*Problem to work on*:
Copy nothing but the lines running from the one containing "Product Description A" through the end of the listing below. Drop the pictures.

*Source material*:
┄┄┄┄┄┄┄┄┄┄
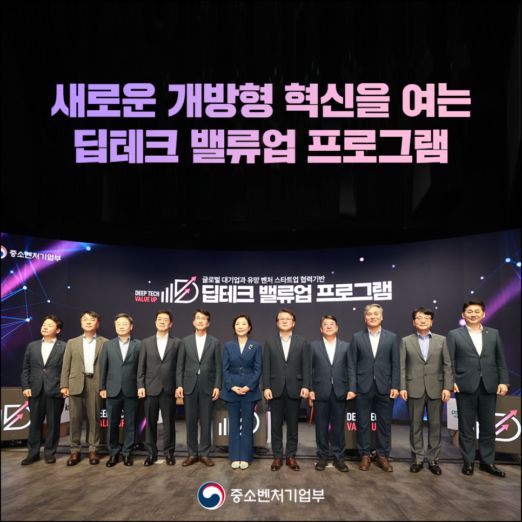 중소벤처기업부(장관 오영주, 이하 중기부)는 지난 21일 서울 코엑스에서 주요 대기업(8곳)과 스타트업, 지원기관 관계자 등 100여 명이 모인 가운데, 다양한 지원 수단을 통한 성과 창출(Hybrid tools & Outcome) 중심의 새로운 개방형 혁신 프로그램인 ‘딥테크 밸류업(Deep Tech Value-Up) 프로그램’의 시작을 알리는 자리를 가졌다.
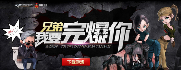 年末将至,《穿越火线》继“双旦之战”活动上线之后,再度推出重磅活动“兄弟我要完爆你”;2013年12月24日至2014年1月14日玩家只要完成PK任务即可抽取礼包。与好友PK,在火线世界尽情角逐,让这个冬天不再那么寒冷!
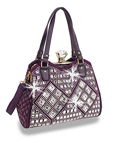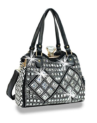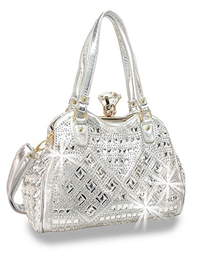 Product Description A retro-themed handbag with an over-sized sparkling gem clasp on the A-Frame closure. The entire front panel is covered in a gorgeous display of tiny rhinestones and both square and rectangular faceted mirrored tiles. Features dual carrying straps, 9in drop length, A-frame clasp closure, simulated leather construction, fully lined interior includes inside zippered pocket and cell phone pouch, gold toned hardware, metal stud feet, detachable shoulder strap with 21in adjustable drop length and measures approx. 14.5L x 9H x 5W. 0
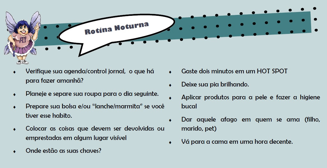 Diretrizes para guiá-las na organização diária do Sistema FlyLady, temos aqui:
┄┄┄┄┄┄┄┄┄┄
*Result below*:
 Product Description A retro-themed handbag with an over-sized sparkling gem clasp on the A-Frame closure. The entire front panel is covered in a gorgeous display of tiny rhinestones and both square and rectangular faceted mirrored tiles. Features dual carrying straps, 9in drop length, A-frame clasp closure, simulated leather construction, fully lined interior includes inside zippered pocket and cell phone pouch, gold toned hardware, metal stud feet, detachable shoulder strap with 21in adjustable drop length and measures approx. 14.5L x 9H x 5W. 0
 Diretrizes para guiá-las na organização diária do Sistema FlyLady, temos aqui:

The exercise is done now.